Westenhofer: That is the level of detail we’re after and seeking, in getting down to how riveted the patch is, how the leather straps are weaved in. By building it real, we’re getting that stuff as detailed, and interesting as possible.
Pardo: So it is probably safe to say that Mayes would always win the costume contest of the year?
(All panelists laugh)
Westenhofer: Yes. Absolutely.
Duncan: Absolutely. I’m working with Paul Hirsh, he is the editor I worked with on SOURCE CODE and he has an amazing body of work. He worked on Star Wars Episode V – The Empire Strikes Back. Won an Oscar, he was in Ferris Bueller’s Day Off. He has a crazy collective body of work. He is an institution in the industry. An amazing editor.
Pardo: Well, maybe Bill and Nick, maybe you can talk a little bit about what it is like to try to translate Warcraft and the visuals. I know you talked about it a little bit. But obviously it is going to be a really big challenge to make the orcs and do orcs that have acting. How you take these goofy cartoonish-looking characters that we create and make them photo-realistic for Warcraft (the movie).
Carpenter: Funny enough. In the cinematic department we do it all the time. We work with the game team and try to translate that into much higher resolution space. So when we had the chance to be a part of this. The discipline is very similar. They’re just going so much further. Like I was saying, we have seen all these spaces, we’ll make a concept. Wow, seeing it from game and actually translate to concept and then what these guys are going to do with that? It is just absolutely amazing. And I can’t tell you guys enough, you’re absolutely in the right hands. Trust me, this guy is going to make an amazing film.

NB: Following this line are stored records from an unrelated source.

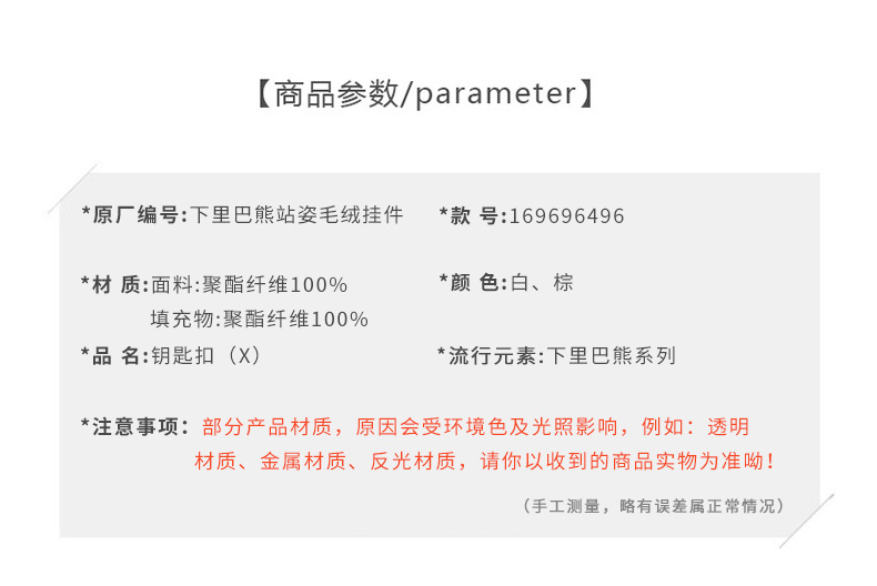 下里巴熊站姿毛绒挂件钥匙扣-纪念日百货门店同款169696496
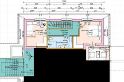 Die Wohnung hat im Obergeschoß 2 Schlafzimmer und Bad mit WC und ein kleiner Balkon beim Elternschlafzimmer.
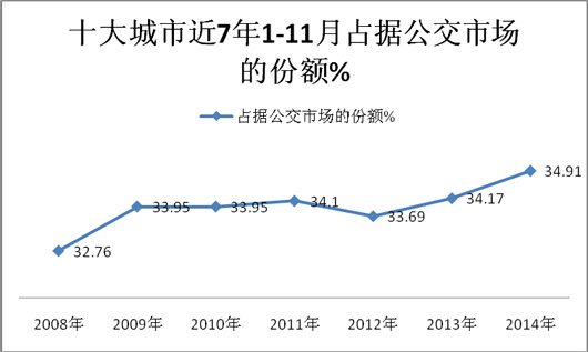 特点一、近7年1-11月10大城市的公交市场份额分析----每年的市场集中度均超过三成,且呈现逐年上升态势(2009年和2010年持平)
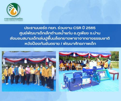 ประธานบอร์ด กยท.ร่วมงาน CSR ปี 2565 ศูนย์พัฒนาเด็กเล็ก ตำบลน้ำแก่น อ.ภูเพียง จ.น่าน ส่งมอบสนามเด็กเล่นปูพื้นบล็อกยางพาราจากยางธรรมชาติ หวังป้องกันอันตราย/พัฒนาศักยภาพเด็ก
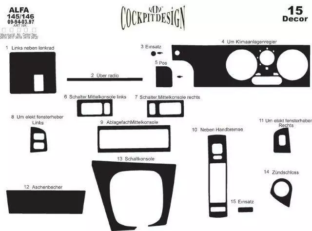 Накладки на панель (145 і 146 альфа) Дерево для Alfa Romeo 145/146 1994-2001 рр
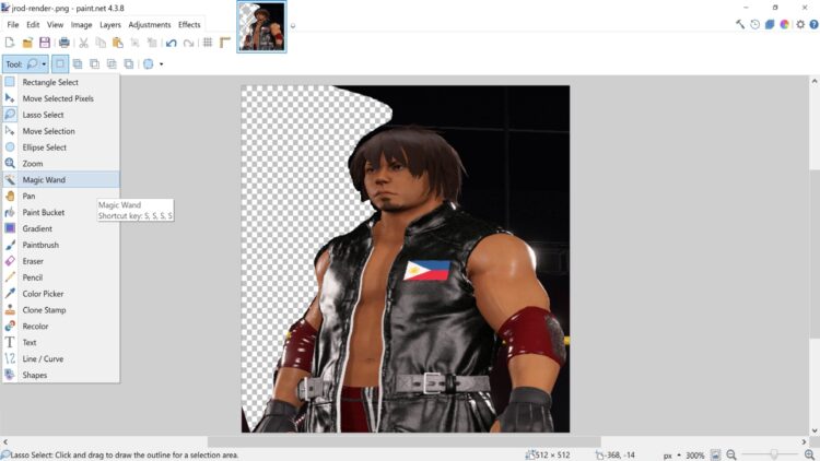 Todo lo que tienes que hacer es usar la herramienta Varita mágica para eliminar el fondo, manteniendo solo la figura del luchador en el lienzo. Si tomó una captura de pantalla en el juego, es posible que también deba usar la herramienta Lazo.
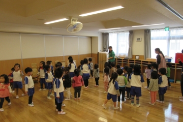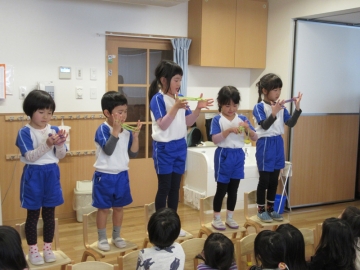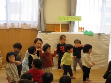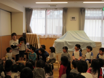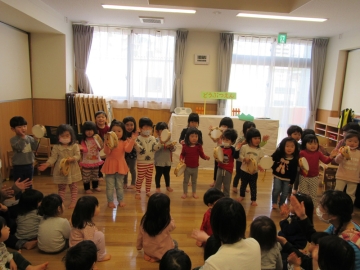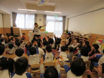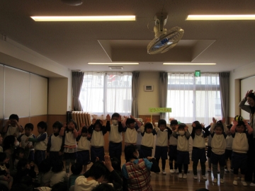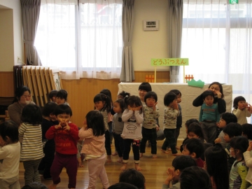 バス遠足にちなんだぺープサートをみたり、各クラスからの出し物をみたりしてみんなで楽しみました。

Westenhofer: We want to do it as much justice as possible. And we’re — you know, we’re pushing the technology, we are doing on-set motion capture, a lot of technical jargon, but it is the kind of thing we really — the orcs are not just going to be bad monsters, they are going to really act, they will have personalities. And the level of details, we’ll go to lengths to build the real costumes. We’ll build the full-size casts to get all the details just right.